The offer to the Iranian government, not any particular faction, should
include: dropping U.S. opposition to the Caspian pipeline routes through
Iran, resolving the Iranian assets issue, and allowing American businesses
to spend up to the $20,000 limit that their non-U.S. competitors are allowed
to spend. The U.S. government should also support Iran's participation
in international organizations, Asia Development Bank and World Trade Organization
in particular, and allow investment in Iran's environment and education
sectors.
It is almost certain that these U.S. measures will make Iran reciprocate
significantly and proportionately. One expected gesture from Tehran will
be to also unequivocally state its readiness for normalization of relations.
The Iranian government can also accept direct U.S. assistance in its fight
against drug traffickers. But Iran will be also forced to broaden its perspective
of the United States and its concerns.
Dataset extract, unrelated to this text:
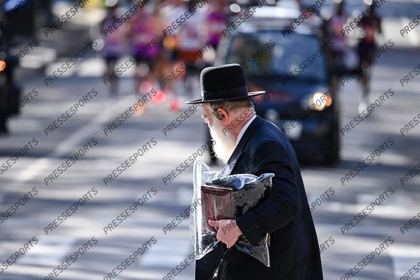 Nov 2, 2025; New York, NY, USA; A pedestrian crosses the street in Brooklyn as mens pro division runners approach during the 2025 TCS New York City Marathon. Mandatory Credit: John Jones-Imagn Images Running: New York City Marathon

Fight against terrorism, peace in
the Middle East, and confidence building concerning the nuclear matter
can be coordinated in the best interest of the two nations.
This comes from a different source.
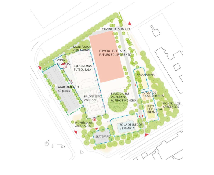 Además, incluyen la construcción de una pista multideporte o baby-deporte para niños de hasta 10 años; una nueva zona de skate park para menores de 14 años; la disposición de accesos peatonales y nuevas zonas verdes; la creación de zonas de actividades y juegos para los diferentes colectivos y grupos de edad; y una nueva zona canina con papeleras para residuos caninos y una fuente mixta con cartel informativo.

There are other pressure points for Iran. While the country is rich
in oil and gas, geography, human resources, and social capital, it lives
in a dangerous neighborhood. A constructive partnership with the U.S.,
given Iran's vast strategic potentials, will make Iran a natural "pivotal"
or "anchor" state for regional peace and development. Relations
with the U.S. can also benefit the Iranian economy given the advanced American
technologies and vast financial sources.
What is even more significant is the fact that Iran has increasingly
realized the value of constructive participation in international organizations.
Iran is now an active participant in a multitude of bilateral and multilateral,
regional and global, organizations and conventions. The United States and
Iran can and should cooperate on issues of mutual concern and interest
within and outside of these institutions. The good news is that Tehran
and the Iranian public have come to increasingly realize that working with
the U.S. will mean recognizing its global interests and leadership.
The United States should reciprocate by openly acknowledging and promoting
the legitimate regional interests and role of Iran. The key point to stress
is that we cannot be complacent about recent positive changes in U.S.-Iran
relations and cannot allow the past to determine the future. We need a
leap of faith and the times call for a new beginning informed by a new
vision.
Author
Hooshang Amirahmadi, a Rutgers Universtiy professor, is the president
of the American Iranian Council.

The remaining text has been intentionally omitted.